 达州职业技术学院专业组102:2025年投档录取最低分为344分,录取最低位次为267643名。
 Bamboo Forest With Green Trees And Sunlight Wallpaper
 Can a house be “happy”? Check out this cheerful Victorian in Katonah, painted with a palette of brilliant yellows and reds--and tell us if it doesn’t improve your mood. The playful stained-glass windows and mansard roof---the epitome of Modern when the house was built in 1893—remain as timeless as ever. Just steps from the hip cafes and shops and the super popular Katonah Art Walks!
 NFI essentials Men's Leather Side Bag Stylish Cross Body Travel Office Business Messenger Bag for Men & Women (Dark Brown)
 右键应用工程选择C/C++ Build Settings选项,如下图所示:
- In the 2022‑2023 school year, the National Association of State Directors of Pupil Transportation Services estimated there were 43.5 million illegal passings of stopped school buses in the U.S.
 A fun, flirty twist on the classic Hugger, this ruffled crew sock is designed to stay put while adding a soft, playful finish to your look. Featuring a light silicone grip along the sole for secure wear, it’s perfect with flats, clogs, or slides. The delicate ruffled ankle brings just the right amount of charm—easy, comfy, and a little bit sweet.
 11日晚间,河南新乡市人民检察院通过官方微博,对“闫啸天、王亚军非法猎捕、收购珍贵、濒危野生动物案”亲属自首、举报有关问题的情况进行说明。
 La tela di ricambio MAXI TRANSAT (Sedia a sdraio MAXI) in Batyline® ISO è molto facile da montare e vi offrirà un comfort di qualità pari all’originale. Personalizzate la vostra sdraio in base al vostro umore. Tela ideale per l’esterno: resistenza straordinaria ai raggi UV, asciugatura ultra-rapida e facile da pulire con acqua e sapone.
+ + + +
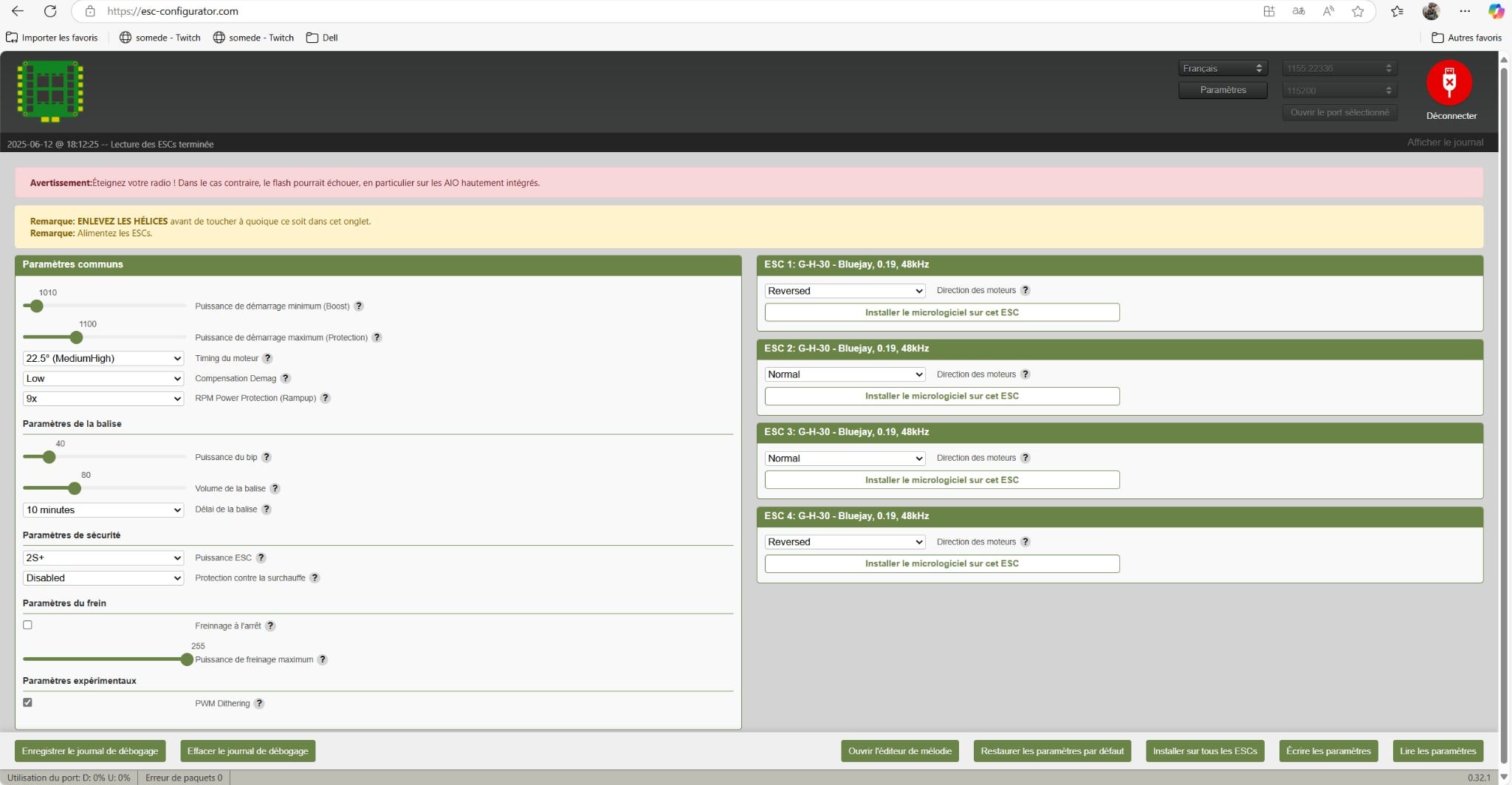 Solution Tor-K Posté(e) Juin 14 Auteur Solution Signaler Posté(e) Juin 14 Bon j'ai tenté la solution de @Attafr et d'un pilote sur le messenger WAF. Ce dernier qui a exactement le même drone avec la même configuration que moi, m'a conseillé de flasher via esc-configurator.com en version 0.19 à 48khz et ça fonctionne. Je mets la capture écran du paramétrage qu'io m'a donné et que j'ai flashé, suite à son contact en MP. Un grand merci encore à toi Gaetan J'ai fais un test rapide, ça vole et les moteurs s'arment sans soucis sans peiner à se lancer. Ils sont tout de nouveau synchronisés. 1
+ + + +
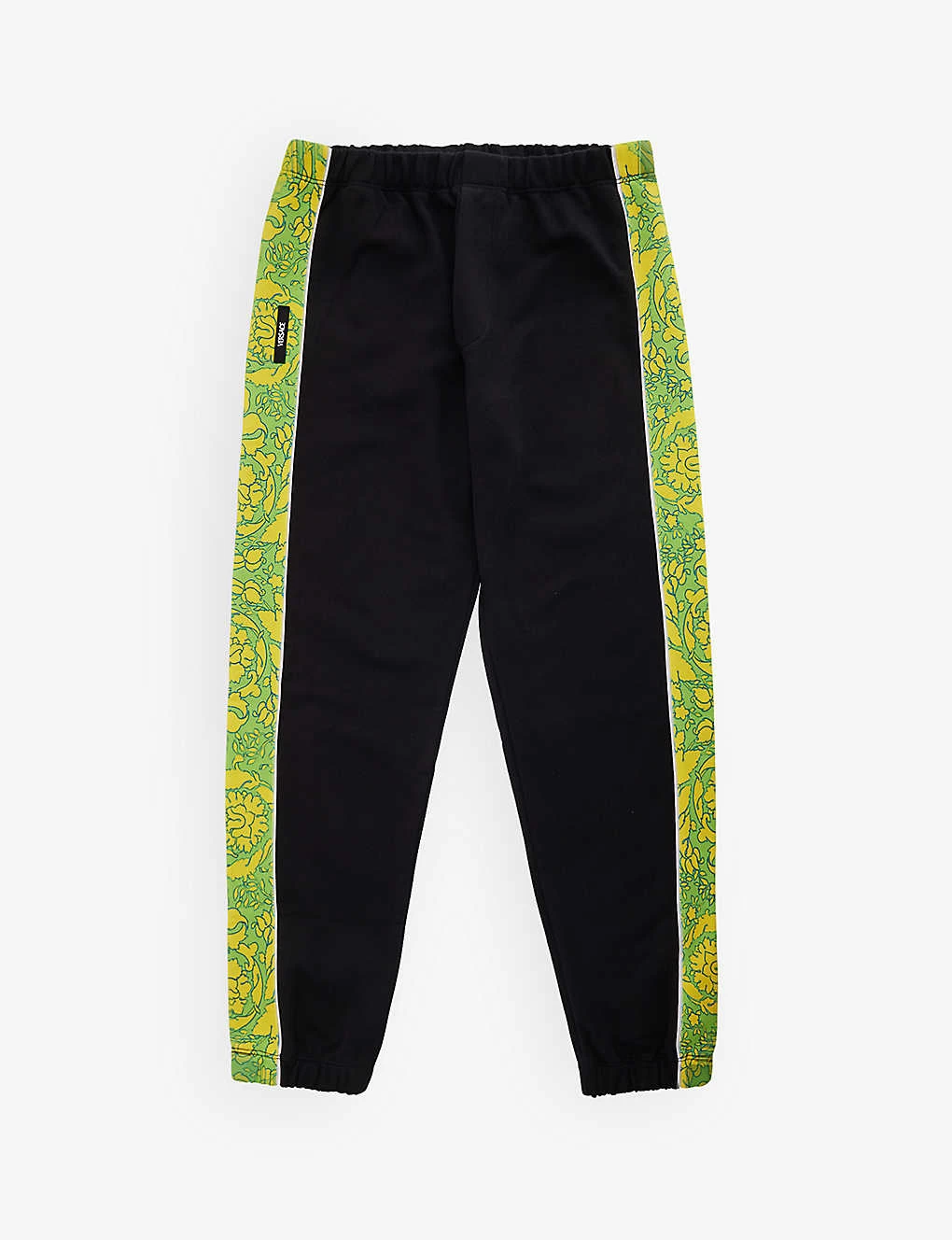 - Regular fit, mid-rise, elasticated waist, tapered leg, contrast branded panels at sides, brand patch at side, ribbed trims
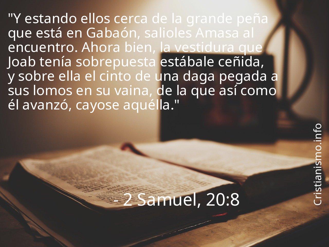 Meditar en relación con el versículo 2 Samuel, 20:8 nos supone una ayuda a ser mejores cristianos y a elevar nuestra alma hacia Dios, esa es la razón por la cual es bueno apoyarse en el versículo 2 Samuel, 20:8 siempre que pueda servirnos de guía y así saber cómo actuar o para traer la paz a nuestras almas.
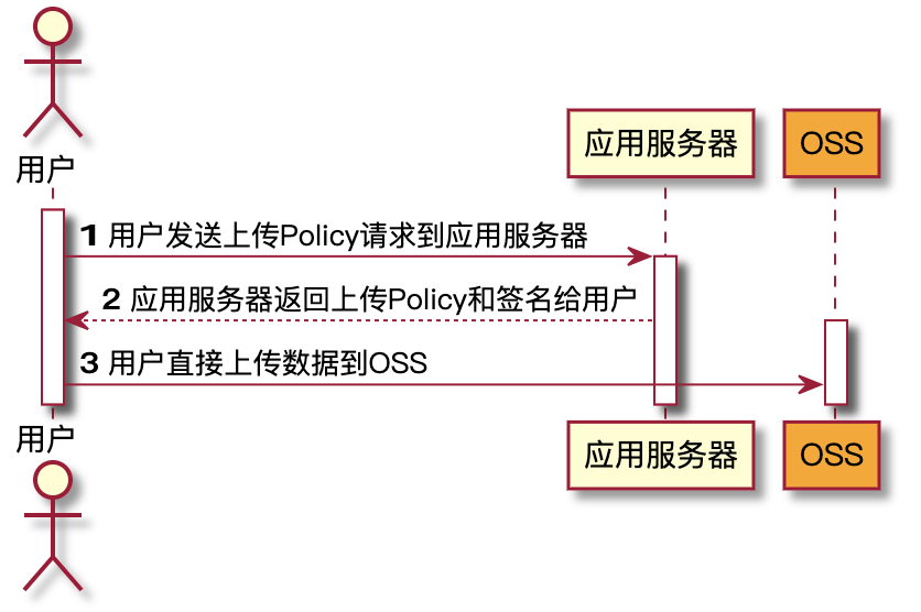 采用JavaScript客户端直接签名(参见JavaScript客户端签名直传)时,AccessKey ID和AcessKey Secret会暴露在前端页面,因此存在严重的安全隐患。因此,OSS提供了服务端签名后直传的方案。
+ + + +
The stretch of entries above that starts with the line containing "Bamboo Forest With" and goes on through the line containing "11日晚间,河南新乡市人民检" is to be transcribed exactly, and no other line is to be transcribed.

 Bamboo Forest With Green Trees And Sunlight Wallpaper
 Can a house be “happy”? Check out this cheerful Victorian in Katonah, painted with a palette of brilliant yellows and reds--and tell us if it doesn’t improve your mood. The playful stained-glass windows and mansard roof---the epitome of Modern when the house was built in 1893—remain as timeless as ever. Just steps from the hip cafes and shops and the super popular Katonah Art Walks!
 NFI essentials Men's Leather Side Bag Stylish Cross Body Travel Office Business Messenger Bag for Men & Women (Dark Brown)
 右键应用工程选择C/C++ Build Settings选项,如下图所示:
- In the 2022‑2023 school year, the National Association of State Directors of Pupil Transportation Services estimated there were 43.5 million illegal passings of stopped school buses in the U.S.
 A fun, flirty twist on the classic Hugger, this ruffled crew sock is designed to stay put while adding a soft, playful finish to your look. Featuring a light silicone grip along the sole for secure wear, it’s perfect with flats, clogs, or slides. The delicate ruffled ankle brings just the right amount of charm—easy, comfy, and a little bit sweet.
 11日晚间,河南新乡市人民检察院通过官方微博,对“闫啸天、王亚军非法猎捕、收购珍贵、濒危野生动物案”亲属自首、举报有关问题的情况进行说明。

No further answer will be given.